3 Basic DCMs

3.1 Introduction

This tutorial provides a mathematical and theoretical background for deterministic, compartmental models (DCMs), with instructions on how to run the built-in models designed for learning in EpiModel. For information on how to extend these models to simulate novel epidemiological processes, see the related tutorial New DCMs with EpiModel in Chapter 7.

Deterministic compartmental models solve differential equations representing analytic epidemic systems in continuous time. The models are deterministic because their solutions are fixed mathematical functions of the input parameters and initial conditions, with no stochastic variability in the disease and demographic transition processes. The models are compartmental because they divide the population into groups representing discrete disease states (e.g., susceptible and infected), and further on demographic, biological, and behavioral traits that influence disease transmission. In contrast to the stochastic models presented below, individuals within the population are not discretely represented.

3.2 A Basic SI Model

Starting with a basic Susceptible-Infected (SI) disease model in which there is random mixing within the population, the size of each compartment over time is represented by the equations:

\[ \begin{align} \frac{dS}{dt} &= -\lambda S \notag \\[4pt] \frac{dI}{dt} &= \lambda S \end{align} \]

where \(\lambda\) is the force of infection and represents \(\frac{\beta c I}{N}\). \(\beta\) is the probability of transmission per contact, \(c\) is the rate of contact per person per unit time, \(I\) is the number infected at time \(t\) and and \(N\) is the population size at time \(t\) (we drop the \(t\) subscript as it is implicit throughout).

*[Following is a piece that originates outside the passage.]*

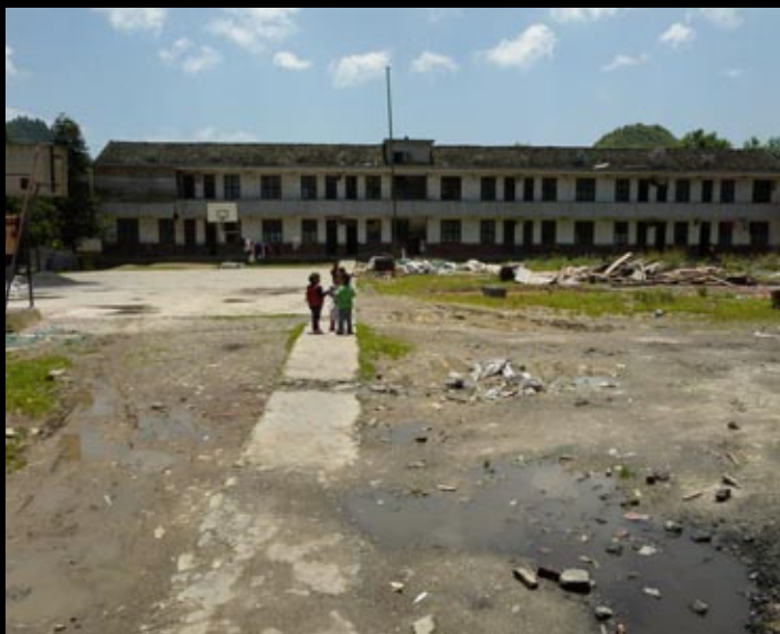
Ancienne école du village de Ba da gong shan, une toute neuve se situe à sa droite

Because ``contact’’ has been defined several ways in the modeling literature, we use the word act to represent the action, such as face-to-face discussion or sexual intercourse, by which disease may be transmitted. The force of infection is multiplied by the current state sizes of the \(S\) to solve the differential equation yielding the rate of change for the compartment.

To simulate a deterministic model in EpiModel, use the dcm function. Prior to running the model, it is necessary to parameterize it. Model parameters, initial conditions, and controls settings are input into three helper functions that organize the model framework. In param.dcm, the epidemic model parameters are entered. The inf.prob argument sets the transmission probability per act, and act.rate sets the acts per person per unit time. The init.dcm function collects the initial conditions for the model, and since this is an SI model it is necessary to specify the initial number susceptible and infected at \(t_1\). The control.dcm finally collects other structural model controls like the model type and number of time steps for the simulation.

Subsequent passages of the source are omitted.